Jangankan pendidikan seks, lingkungan pesantren seringkali memberlakukan sistem yang teramat ketat dalam interaksi dengan lawan jenis. Ya, bukan hal asing, jika masalah seksualitas masih dipandang sangat tabu dan berkonotasi negatif. Padahal, pendidikan seks justru dibutuhkan untuk menghindari bahaya praktek seks bebas.
Rata-rata para santri putri yang belum mengenal alat reproduksi dan seksual mereka dengan baik. Para santri itu percaya, bahwa bila mereka melihat (dan dalam hal ini, Ladies, juga termasuk mempelajari) organ genital mereka secara langsung, maka mata mereka akan minus, mengurangi hafalan, membodohkan akal, tidak konsentrasi belajar, dan seabrek mitos lainnya.

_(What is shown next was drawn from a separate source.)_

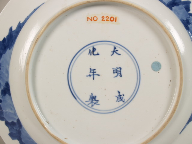 op de bodem in kobaltblauw vertikaal zesmerk Chenghua in dubbele ring (Nederlands)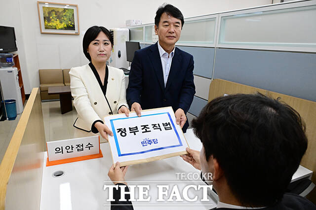 문진석 더불어민주당 원내수석부대표와 백승아 원내대변인이 12일 오전 서울 여의도 국회 의안과에 '정부조직법 개정안'을 제출하고 있다. /국회=남윤호 기자

Para santri itu juga masih percaya bahwa masturbasi bagi perempuan akan menyebabkan kemandulan, dan bagi laki-laki akan mengurangi produktivitas sperma. Padahal, hal ini tidak ada hubungannya sama sekali secara medis.

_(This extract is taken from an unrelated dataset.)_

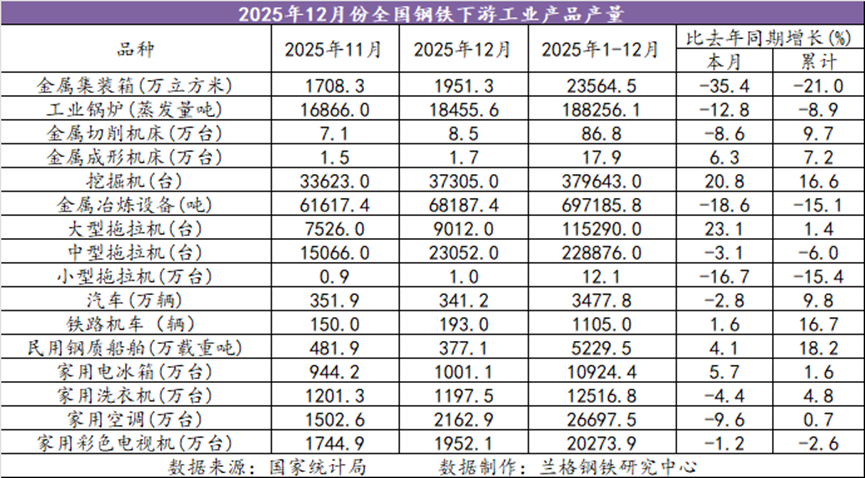 兰格追踪:2025年1-12月全国钢铁下游工业产品产量

Pendidikan seks di pesantren masih sebatas pengenalan organ-organ reproduksi, seperti hormon, anatomi rahim, skrotum, dan sejenisnya. Masalah hukum syar’I dan penjabaran mendetail akan organ seksual masih belum memadai, terutama dari segi pembahasan hak dan kesehatan organ.
Padahal, pendidikan seks tidak hanya mencakup tentang pubertas, tumbuhnya bulu, haid, atau boleh tidaknya perempuan melaksanakan kewajiban agama saat haid. Namun secara keseluruhan mencakup apa saja yang masuk dalam reproduksi dan seksualitas serta bagaimana dampaknya jika hal-hal tersebut tidak dipahami secara benar dan mendetail.
Meskipun mengedepankan religiusitas, semua orang berhak atas hak informasi dan pendidikan seksualitas yang sesuai dengan umur serta tingkatan pendidikannya.